Benchmark Results: File Compression
This one’s all-new. Corel revamped the WinZip engine, better-optimizing it for multi-core processors (in addition to exposing support for OpenCL on AMD GPUs, which we'll test shortly). We’re certainly not fans of a company using an open standard to lock out competition. Further, we know that AMD was instrumental in exposing this functionality, and that’s the justification given for preventing Intel or Nvidia from benefiting from it.
Nevertheless, there’s a clear improvement from Trinity compared to Llano in this integer math-dominant benchmark. The dual-core A6 suffers, as we’d expect.
Our more familiar WinRAR test also favors Trinity’s four integer cores over Llano’s quad-core configuration.
You can really look at results like these, along with WinZip’s, and see how big of a difference there is between apps that lean more heavily on integer-based code versus floating-point math. When you broaden the comparison criteria to include Intel, Trinity doesn’t look as stellar in WinRAR. However, if you’re lining it up against Llano, the speed-up is certainly measurable.

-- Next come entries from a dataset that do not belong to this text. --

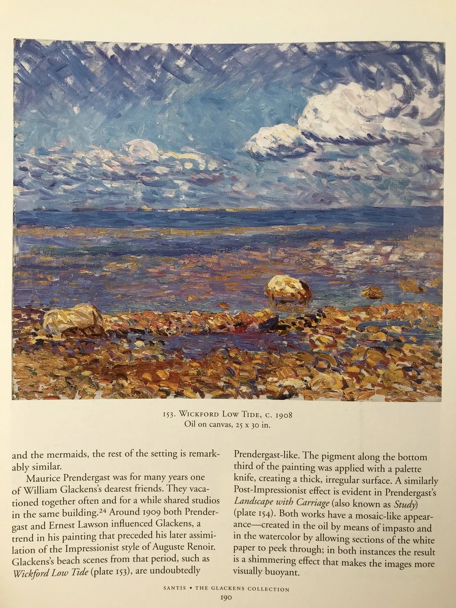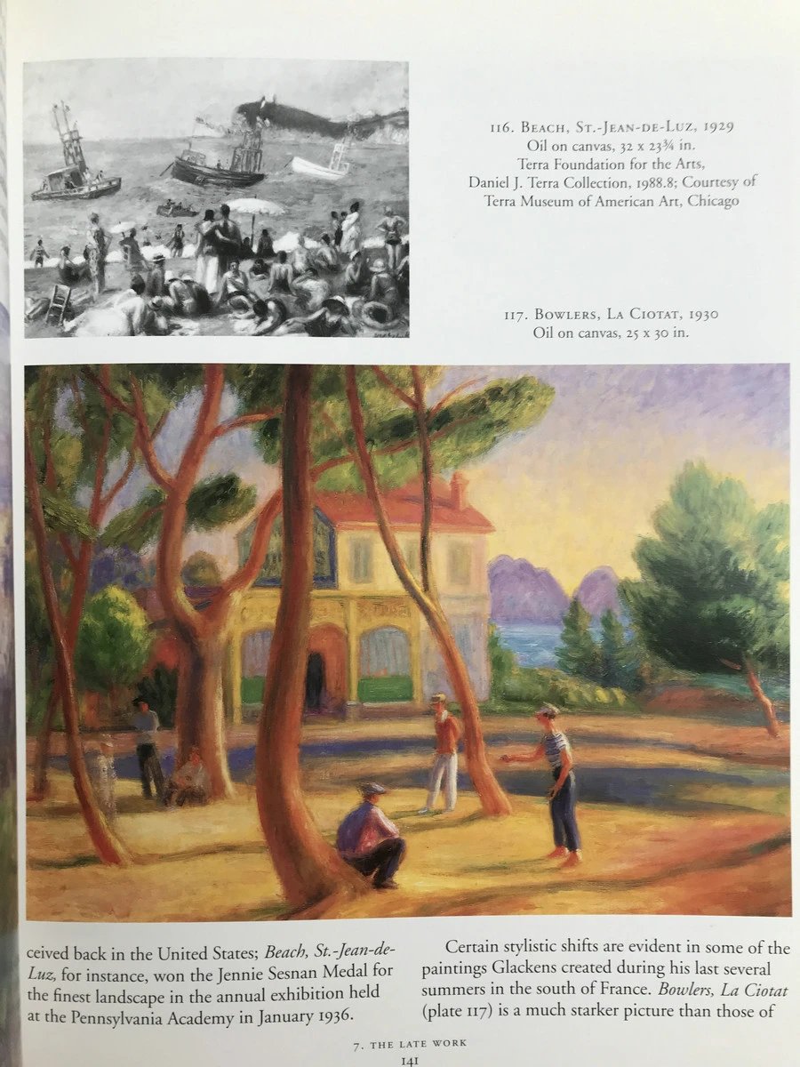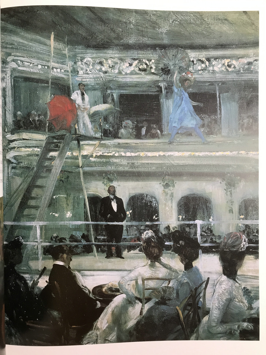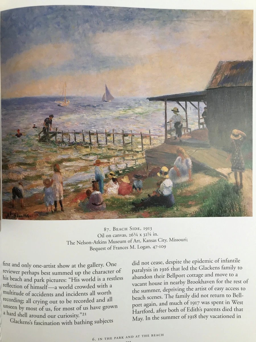 威廉·詹姆斯·格拉肯斯(William James Glackens,1870-1938年),美国画家和插图画家。他出生于费城,先后在当地和欧洲学习艺术。格拉肯斯是创造了垃圾箱画派的现实主义画家团体八人派的成员之一。《河上公园》,色调柔和,是他早期城市生活画的代表作。在晚期风景画、海滩风景和裸体画中,他使用具有印象主义特点的暖色调。
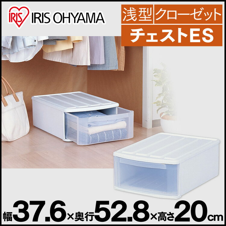 チェスト ES 収納ケース 収納ボックス アイリスオーヤマ送料無料 ホワイト クリア 幅37.6×奥行52.8×高さ20cm クローゼット 家具 衣類収納 衣替え 家具 収納用品 たんす タンス 収納 衣服収納 衣類ケース 衣服ケース 小物 ボックス 引っ越し 収納家具
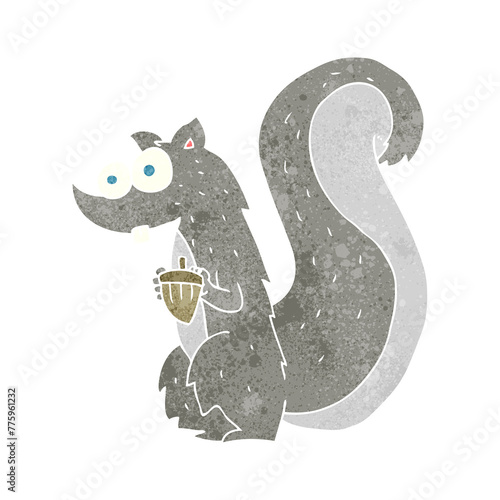 Fototapeta premium freehand retro cartoon squirrel with nut
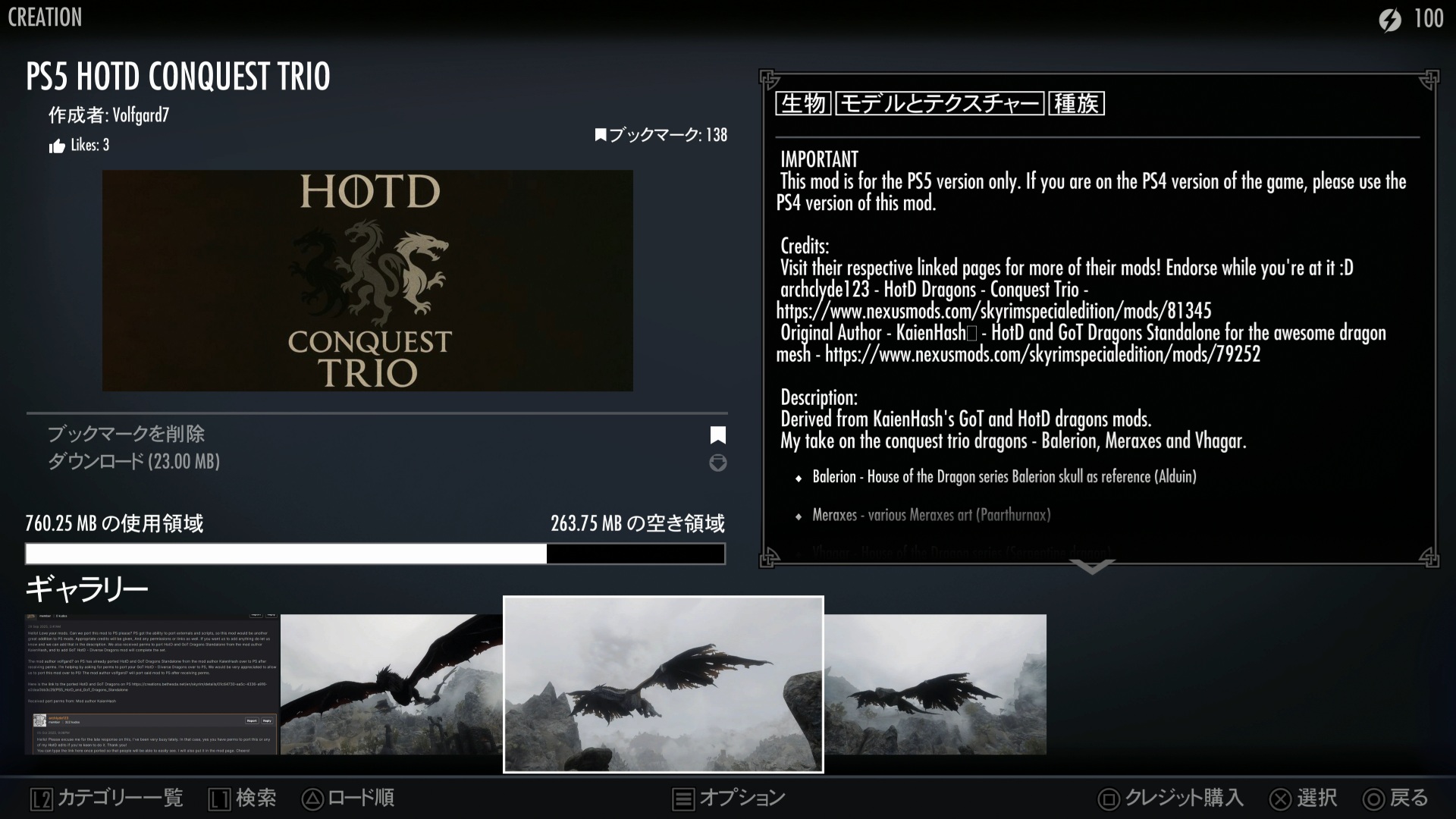 PS5 GoT HotD - Diverse Dragons (Vanilla)

The outcome in 7-Zip is much closer, though at least the two Trinity-based APUs wind up on top (narrow though the victory may be). 7-Zip is clearly very well-threaded. Switching from the quad-core A10 and A8 to the dual-core A6 decimates performance. AMD marketing can say a lot of things about good-enough performance, but when you’re waiting an extra three or four minutes for a simple, relatively small compression workload to wrap up, there is unquestionably something to be said for owning hardware that’s better than passable.